‘Militarisation’ of Bihar Varsity Campuses: Teachers’ Bodies Cry Foul
Temples of learning in Bihar are being turned into war zones, allege academicians, students and politicians who are protesting against the appointment of 12 retired Army officers and former bureaucrats as registrars of the state’s 10 universities.
Generally, teachers who are capable of handling administrative and financial responsibilities are appointed as university registrars. Unfortunately, none of the 12 heads appointed earlier this week, by Governor Satya Pal Malik, have teaching background.
Of the 12 newly-appointed head of the universities, 10 are ex-defense officials and rest two are retired ‘babus’ of the Bihar Administrative Services. The officials concerned have justified the controversial appointments, arguing that it has been done with an aim to check “mismanagements”, “financial irregularities” and “favoritism” about which there have been “frequent complaints”.
“Army officers are highly disciplined and therefore, they have better capabilities to streamline university operations,” said Principal Secretary to Governor Brijesh Mehrotra.
Previously, cases of favouritism and financial irregularities had surfaced when the teachers from the Universities were appointed as Registrars. The work of the registrars is to look after the administrative and financial work, and the Universities have apparently been going through the financial downturn.
The Governor's Secretariat had asked the Army headquarters to send a list of proposed candidates. The final selection was done according to the recommendations of the search committee, which comprised of the vice chancellors from the state’s three universities. The interview took place on March 16 and the appointments were notified on April 3.
The state's academicians' and teachers' bodies have criticised the decision and have alleged that it is an attempt to snatch away the varsities’ autonomy and control over the campuses.
“The move is aimed at creating fear psychosis in campuses. Universities are temples of learning and bureaucrats and Army officers do not fit in there. Campuses, which are meant for young students, must be dealt with extra sensitivity. The decision must be rolled back,” said KB Sinha, president of the Federation of University Teachers’ Associations of Bihar.
The appointments of the Army officials are also in violation of the Bihar State Universities (Amendment) Act, 2017 and the Patna University (Amendment) Act, 2017, that say that apart from academicians, only civil administration officials can be appointed as registrars.
The All India Federation of University and College Teachers’ Organisation (AIFUCTO)'s General Secretary Arun Kumar said the decision was taken without taking all stakeholders in confidence. “Neither the stakeholders were consulted, nor the matter was brought before the UGC-mandated Bihar State Higher Education Council.
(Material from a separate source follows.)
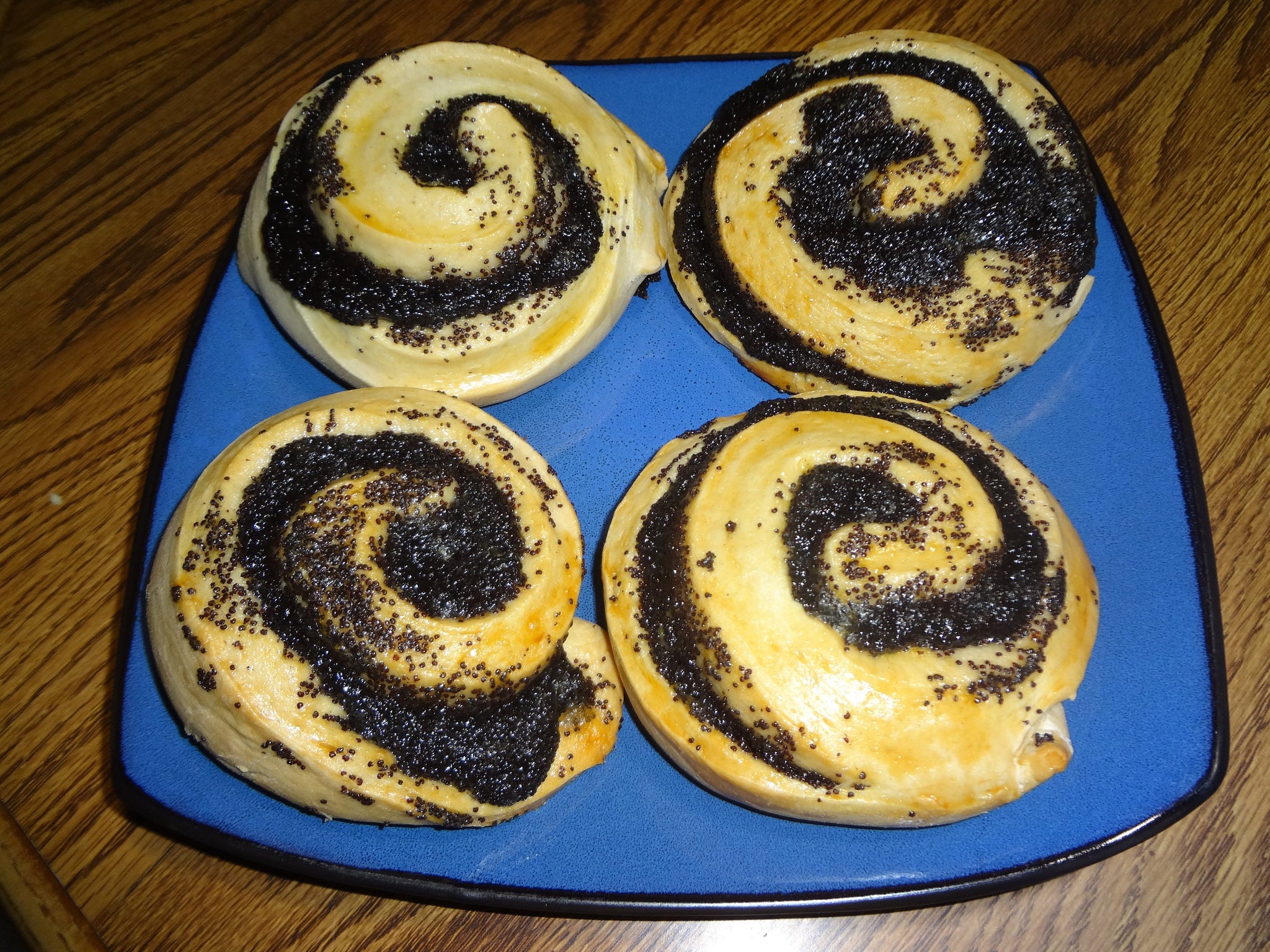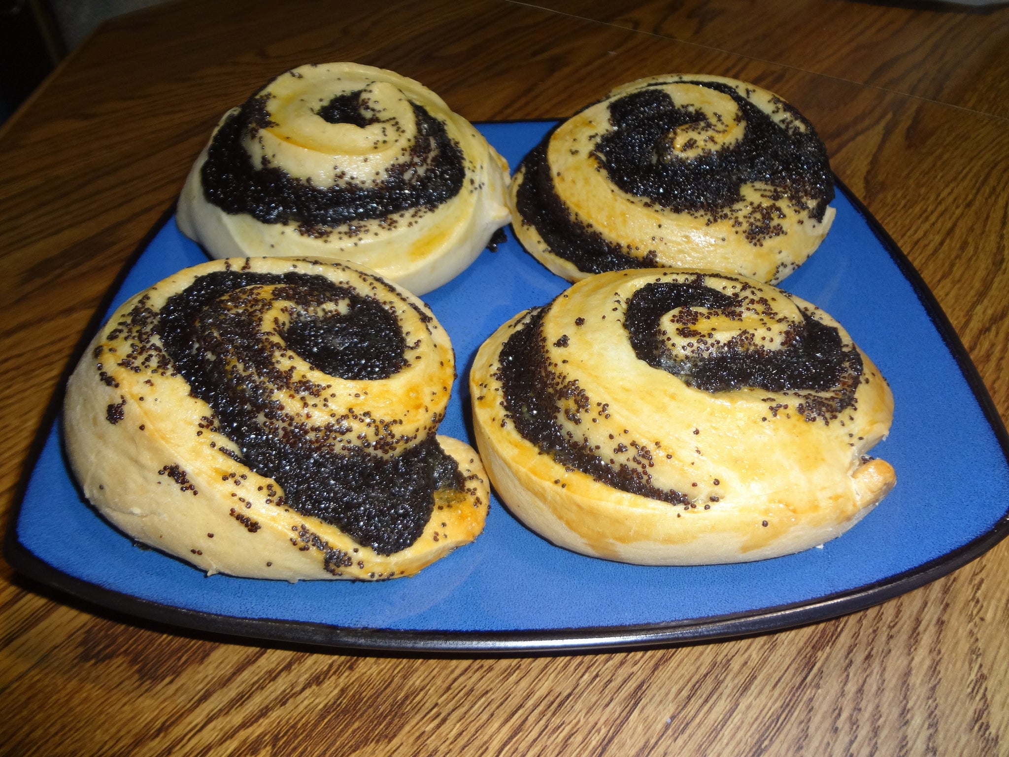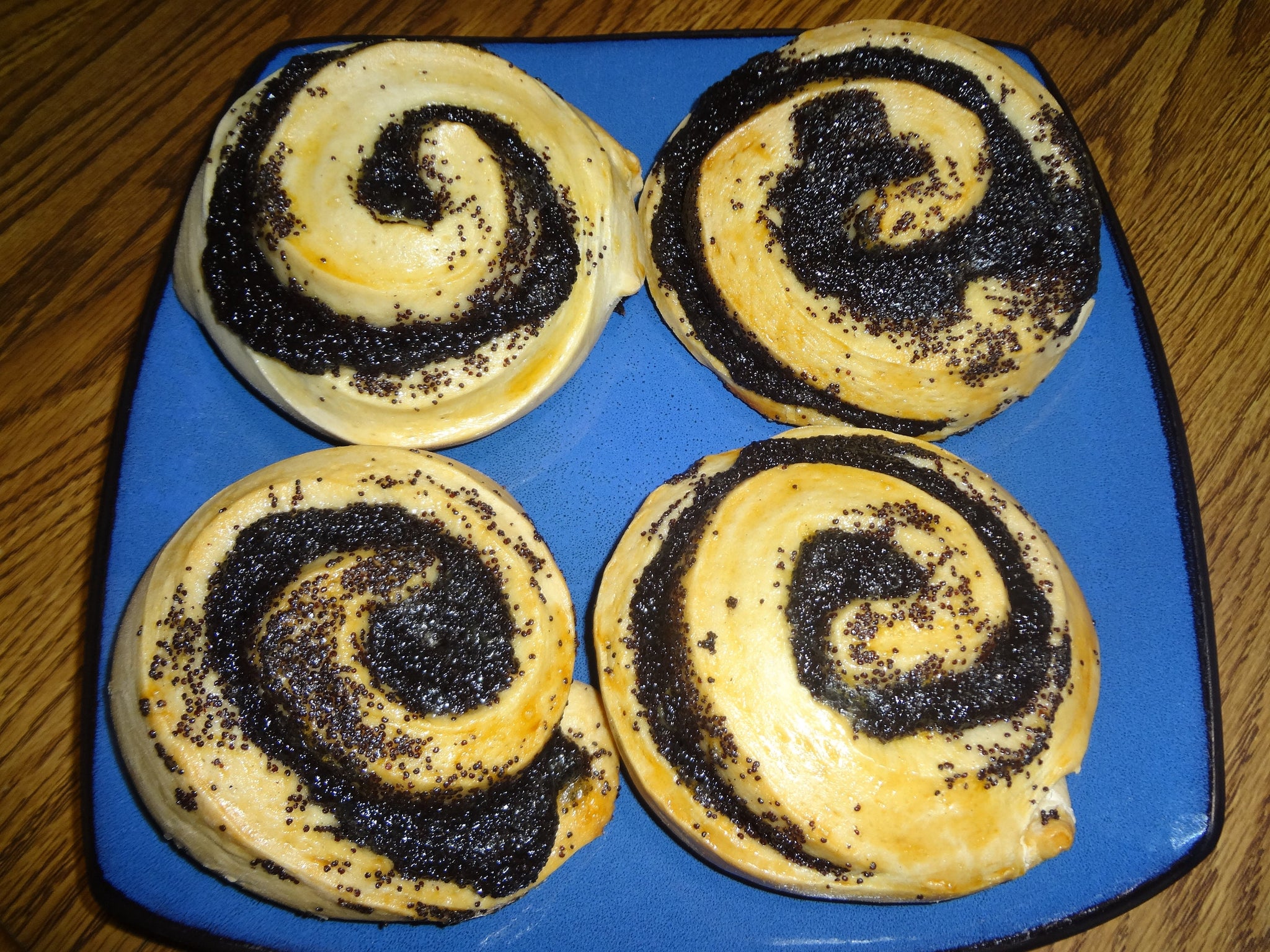 Entirely Homemade Fresh Poppy Seed Rolls (Piroshki). From the dough to the poppy seed filling, both are entirely homemade. The poppy seeds are fresh and not bottled. These rolls are extra large and stuffed with a sweet homemade filling. They pair great with a cup of coffee or tea.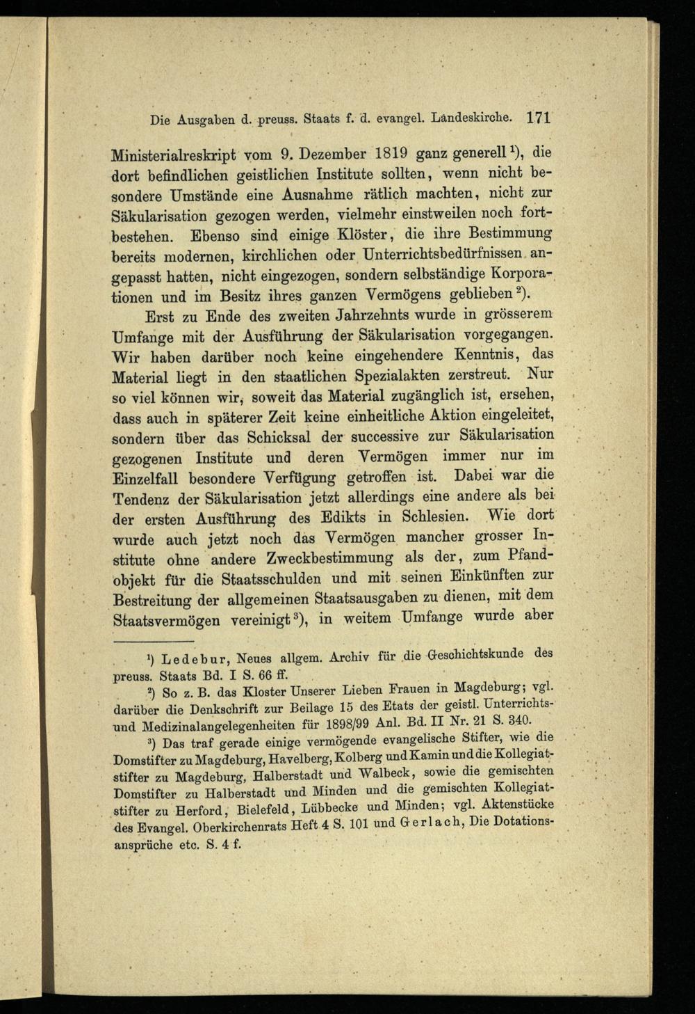 Die Ausgaben des preussischen Staats für die evangelische Landeskirche der älteren Provinzen : ein Beitrag zur Geschichte der evangelischen Kirchenverfassung in Preussen / von Johannes Niedner

This is an anti-student decision imposed by the Centre,” he said and added that it as an attempt to “control the campuses by saffronising it”.
The teachers’ bodies – on one hand – are set to challenge the decision, but on the other, a few in the teaching fraternity have argued that the experiment should be given a chance before being criticised.
This appointment was believed to have been proposed by the Centre to the Governor who then sought Chief Minister Nitish Kumar’s approval. If sources are to be believed, Kumar had initially rejected the proposal, but later had to “surrender” before the “pressure” from the Bharatiya Janata Party (BJP) and the Governor. “It (such appointments) can be done in all BJP-ruled states without any hindrance but the Centre chose Bihar only to give a message that the decision has been taken by Kumar who enjoys a secular and liberal image. And if he can accept militarisation of the campuses, others should also follow the same. This is the crux of the decision,” an official told Newsclick, on the conditions of strict anonymity.